## Recorded data
══════════

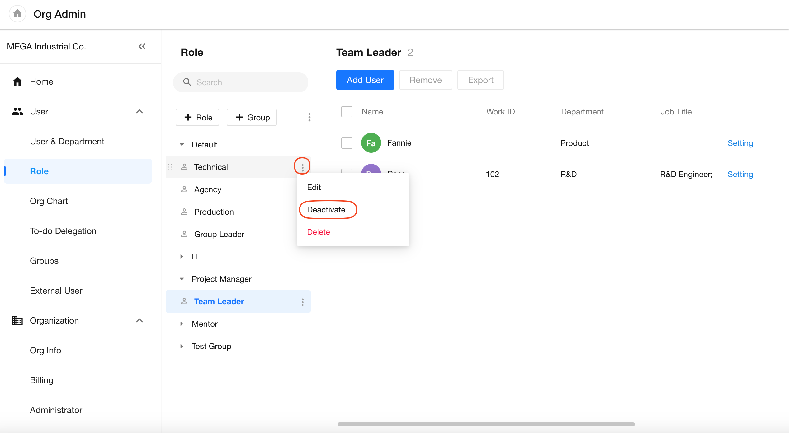 Both organization roles and role groups can be deactivated. In the organization role list, click the action menu next to the role name and select Deactivate.
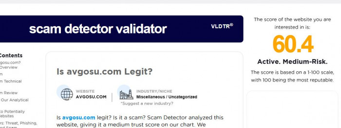 In contrast, another review tool gives avgosu.com a more moderate trust score of 60.4 out of 100, suggesting the site falls into a “medium‑risk” category. This assessment acknowledges some unknowns, like potential proximity to suspicious internet destinations and internal threat indicators related to phishing or spam, but does not outright label the site a dangerous scam. (Scam Detector)
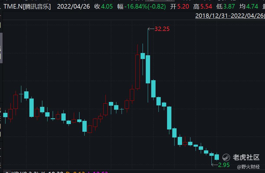 腾讯音乐在二级市场也好不到哪儿去。去年3月末,腾讯音乐股价最高曾达到32.25美元,在4月27日美股开盘前,股价还剩4.05美元,回撤大约87%。基本是半斤对八两,相对而言,收入规模更高,一直在盈利状态的腾讯音乐日子稍好点。

══════════

## What is needed
Restate exactly, and only, the lines from the one that holds "In contrast, another" down to the last line of the material above. Omit the pictures.

## Task answer
 In contrast, another review tool gives avgosu.com a more moderate trust score of 60.4 out of 100, suggesting the site falls into a “medium‑risk” category. This assessment acknowledges some unknowns, like potential proximity to suspicious internet destinations and internal threat indicators related to phishing or spam, but does not outright label the site a dangerous scam. (Scam Detector)
 腾讯音乐在二级市场也好不到哪儿去。去年3月末,腾讯音乐股价最高曾达到32.25美元,在4月27日美股开盘前,股价还剩4.05美元,回撤大约87%。基本是半斤对八两,相对而言,收入规模更高,一直在盈利状态的腾讯音乐日子稍好点。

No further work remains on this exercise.